> **Directions**
Retype the listing below line for line, but only from the line with "- يتم تحقيق" down to the line with "Esse cenário exige", inclusive. Pictures stay out.

> **Records supplied**
►

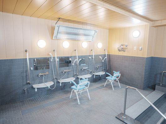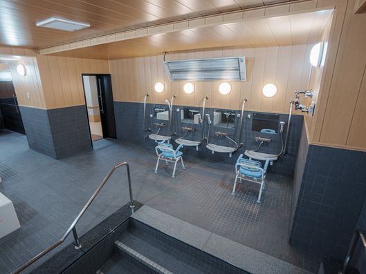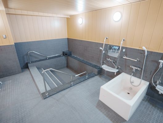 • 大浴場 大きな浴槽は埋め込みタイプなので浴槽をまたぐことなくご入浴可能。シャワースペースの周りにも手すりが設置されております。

◄
►

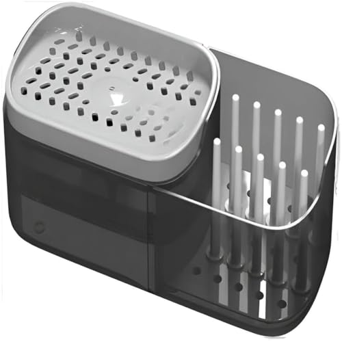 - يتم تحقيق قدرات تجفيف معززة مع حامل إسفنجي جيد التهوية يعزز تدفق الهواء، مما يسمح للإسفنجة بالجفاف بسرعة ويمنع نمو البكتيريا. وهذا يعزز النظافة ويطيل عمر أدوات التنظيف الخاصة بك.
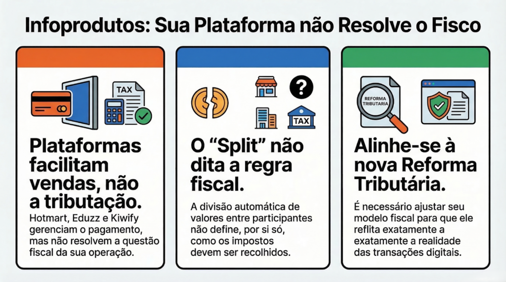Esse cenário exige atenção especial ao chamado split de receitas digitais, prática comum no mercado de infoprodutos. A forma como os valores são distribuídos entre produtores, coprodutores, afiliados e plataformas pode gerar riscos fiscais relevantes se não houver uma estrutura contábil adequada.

◄
►

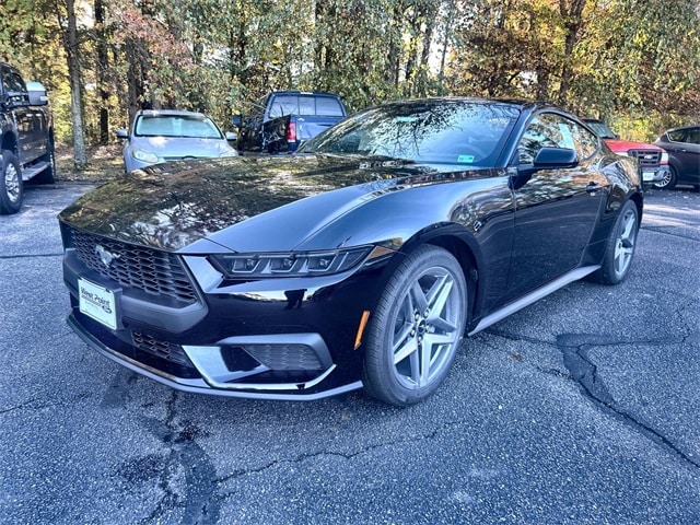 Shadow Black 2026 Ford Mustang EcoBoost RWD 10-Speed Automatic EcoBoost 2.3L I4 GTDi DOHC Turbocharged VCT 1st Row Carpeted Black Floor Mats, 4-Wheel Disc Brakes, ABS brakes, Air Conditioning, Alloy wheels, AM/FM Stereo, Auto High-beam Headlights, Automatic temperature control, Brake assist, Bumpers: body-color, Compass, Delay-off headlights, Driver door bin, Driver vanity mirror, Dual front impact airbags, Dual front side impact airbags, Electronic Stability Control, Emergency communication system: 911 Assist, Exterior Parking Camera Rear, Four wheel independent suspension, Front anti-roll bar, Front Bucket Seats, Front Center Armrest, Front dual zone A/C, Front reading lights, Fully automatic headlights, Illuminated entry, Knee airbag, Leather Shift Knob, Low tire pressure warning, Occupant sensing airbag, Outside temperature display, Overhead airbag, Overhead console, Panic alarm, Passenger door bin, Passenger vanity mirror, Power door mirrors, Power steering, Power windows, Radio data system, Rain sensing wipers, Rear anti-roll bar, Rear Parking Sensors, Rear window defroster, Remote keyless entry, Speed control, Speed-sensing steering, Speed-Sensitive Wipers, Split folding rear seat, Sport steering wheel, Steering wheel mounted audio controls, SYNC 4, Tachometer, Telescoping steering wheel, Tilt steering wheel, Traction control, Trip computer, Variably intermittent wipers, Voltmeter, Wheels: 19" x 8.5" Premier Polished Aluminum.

◄

> **Result of the task**
 - يتم تحقيق قدرات تجفيف معززة مع حامل إسفنجي جيد التهوية يعزز تدفق الهواء، مما يسمح للإسفنجة بالجفاف بسرعة ويمنع نمو البكتيريا. وهذا يعزز النظافة ويطيل عمر أدوات التنظيف الخاصة بك.
Esse cenário exige atenção especial ao chamado split de receitas digitais, prática comum no mercado de infoprodutos. A forma como os valores são distribuídos entre produtores, coprodutores, afiliados e plataformas pode gerar riscos fiscais relevantes se não houver uma estrutura contábil adequada.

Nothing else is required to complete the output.